I have found that levels of ammonia stabilize within acceptable levels quite quickly, often within a few weeks, which is borne out by others experience. So although it can take up to 2 months before mineralisation is complete - and therefore for the soil to stabilise as "aquatic sediment" - it is not usually necessary to wait anywhere near that long before adding fish etc. In this respect it probably helps to think of mineralisation and tank cycling as two separate but mutually inclusive processes. 

Usually I have gradually built livestock levels to full capacity over the period of a month or so without any problems. 

I am convinced that planting heavily from the outset also helps. The use of macrophytes as water purifiers is well documented and they help to reduce ammonia and other chemical compounds to non-toxic levels. 

Also planting heavily from the outset probably helps to reduce the length of time it takes for the submerged soil to stop giving off ammonia since macrophytes release O2 and organic compounds through their roots which will greatly increase microbial activity, and therefore nitrification and denitrification, in the forming sediment. The existing bacteria on plant roots will perhaps also help seed the sediment, speeding the process on its way. 

Eventually an equilibrium is reached and the soil substrate will actually start to absorb ammonia/ammonium from the water column where it will undergo nitrification. A substantial water change at this point is usually all that is needed to make the tank habitable to fish etc. This combined with dense planting and even a partially cycled filter probably prevents ammonia reaching toxic levels, even when gradually adding critters and increasing the bioload. 

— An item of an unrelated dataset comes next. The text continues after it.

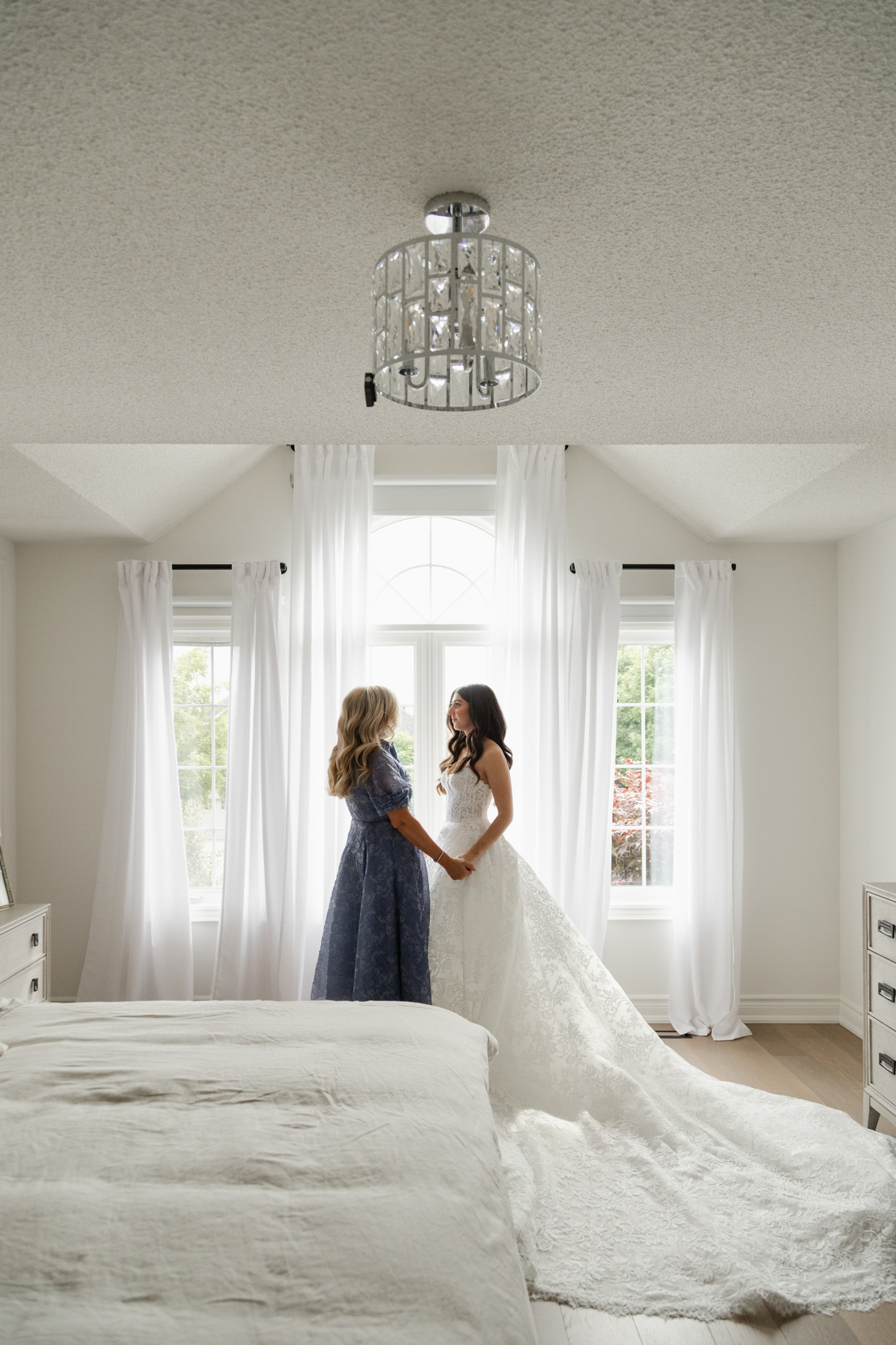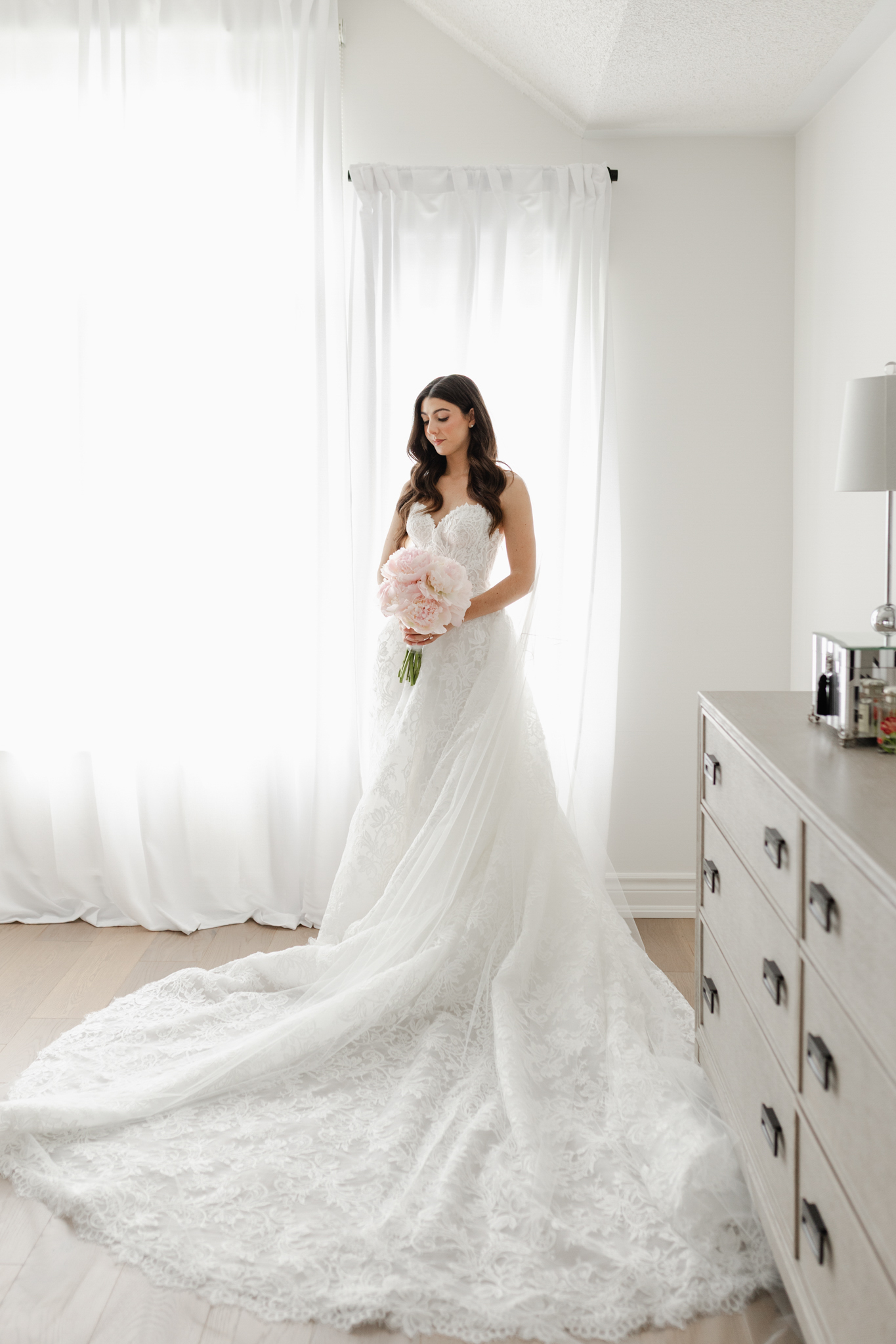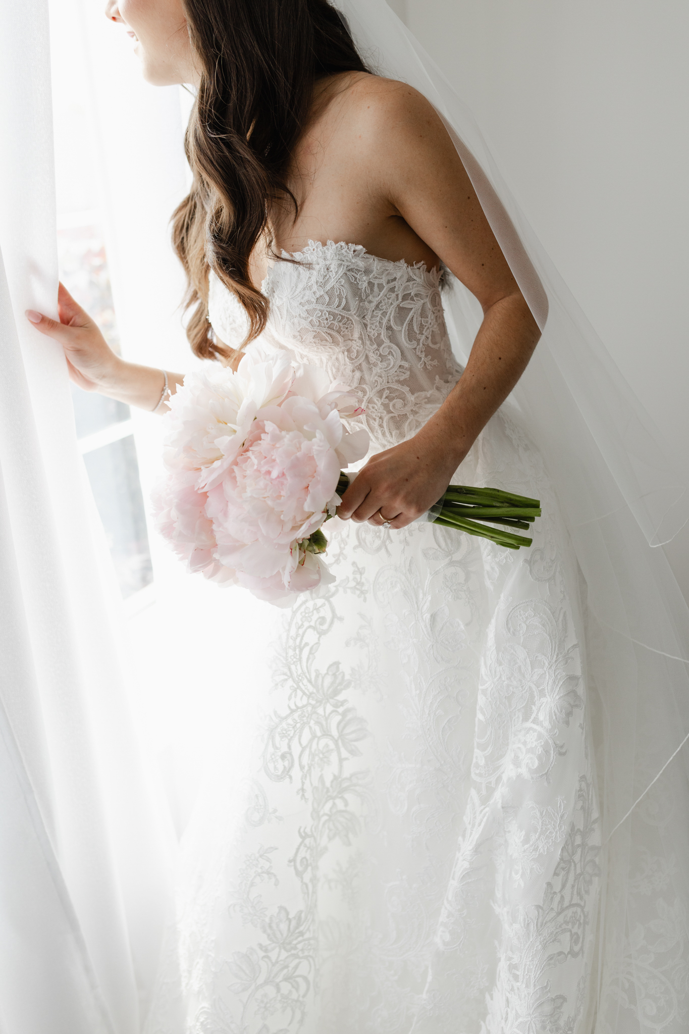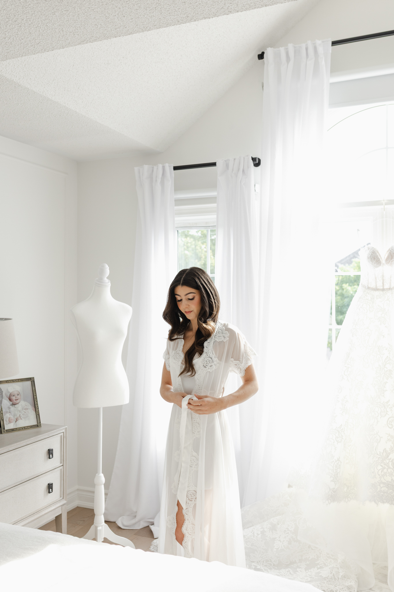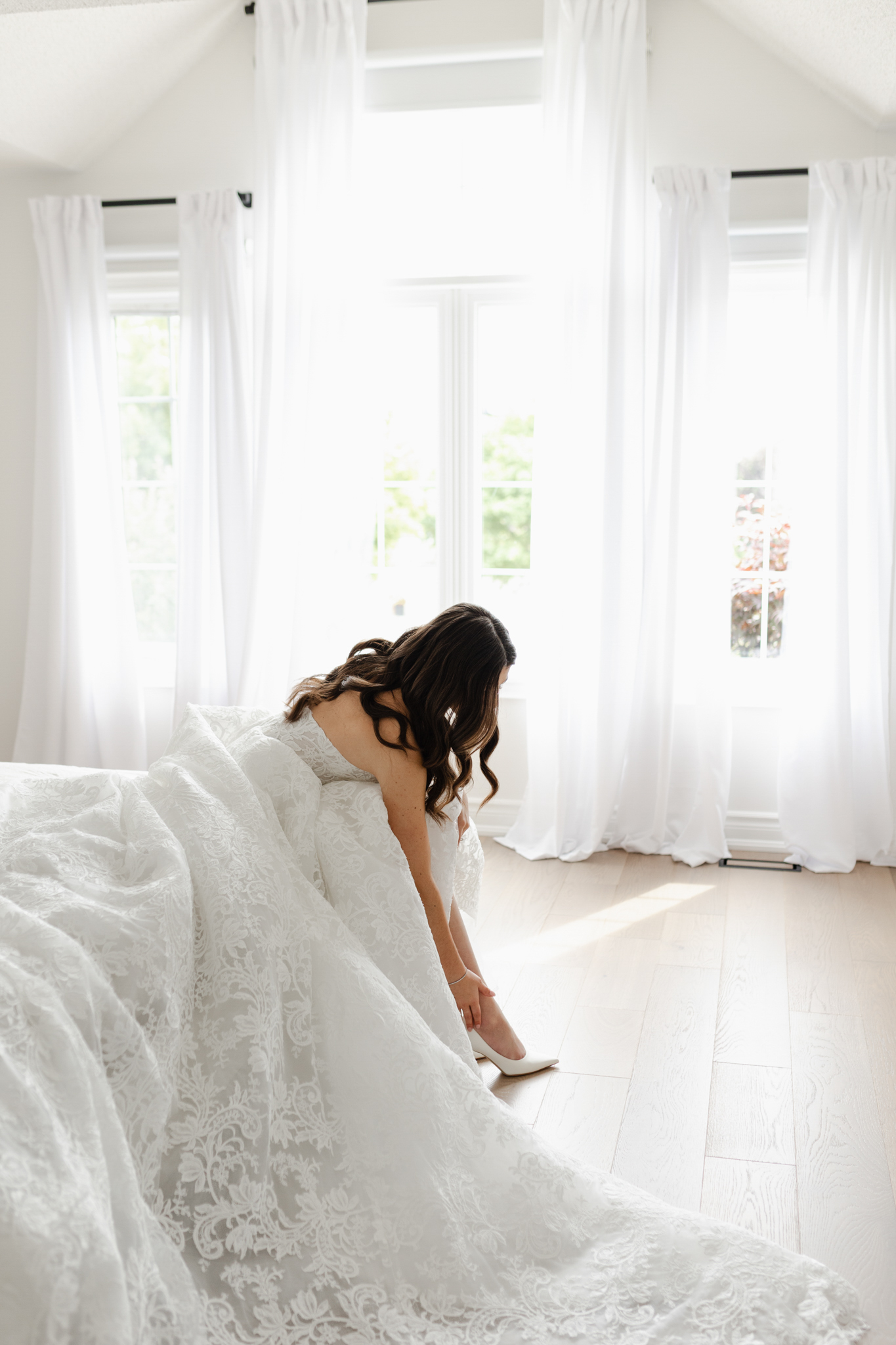 Her beauty look was incredibly natural with soft, luminous skin, barely-there blush, and an effortless glow. Paired with lace details, classic pearls and an ambiance filled with quiet. Emily’s morning truly set the tone for a sophisticated Toronto wedding day.

I think there is often a tendency to overcomplicate matters when it comes to soil substrates, I am sure it has something to do with ideological barriers. But as I have said before it’s relatively easy to get the best from them.


----------



## Morgan Freeman

Well said.

My tank has basically gone through a fishless cycle without me doing anything, all levels are now down to zero from initial high spikes. I'm not using a filter so waiting a few more weeks for sufficient plant mass to develop before adding fish. I am totally, 100% converted to soil.


----------



## chris521957

I rescaped my tank over the last 2 days following Troi's method after reading about it on this forum and Troi's blog. Tested the water perams this morning and everything is just right, so put some fish in and will keep my eye on them over the next few days. My filter is mature, gravel was from my old set up, just gave it a good rinse and capped the soil with it. Some old and new plants, the water was crystal clear after filling, but has now clouded slightly through replanting. Hopefully it will be clear wenough to take a few pics soon.


----------



## Tim Harrison

Thanks guys for the info.

Soil substrate really has so much to offer and I think we might just be scratching the surface of its full potential. The whole self cycling phenomenon is a point in case. All the benefits of fishless cycling but none of the hassle. No dosing with ammonia, or adding fish food and suffering the subsequent consequences of phosphate build up, and no constant testing...well not that much anyway.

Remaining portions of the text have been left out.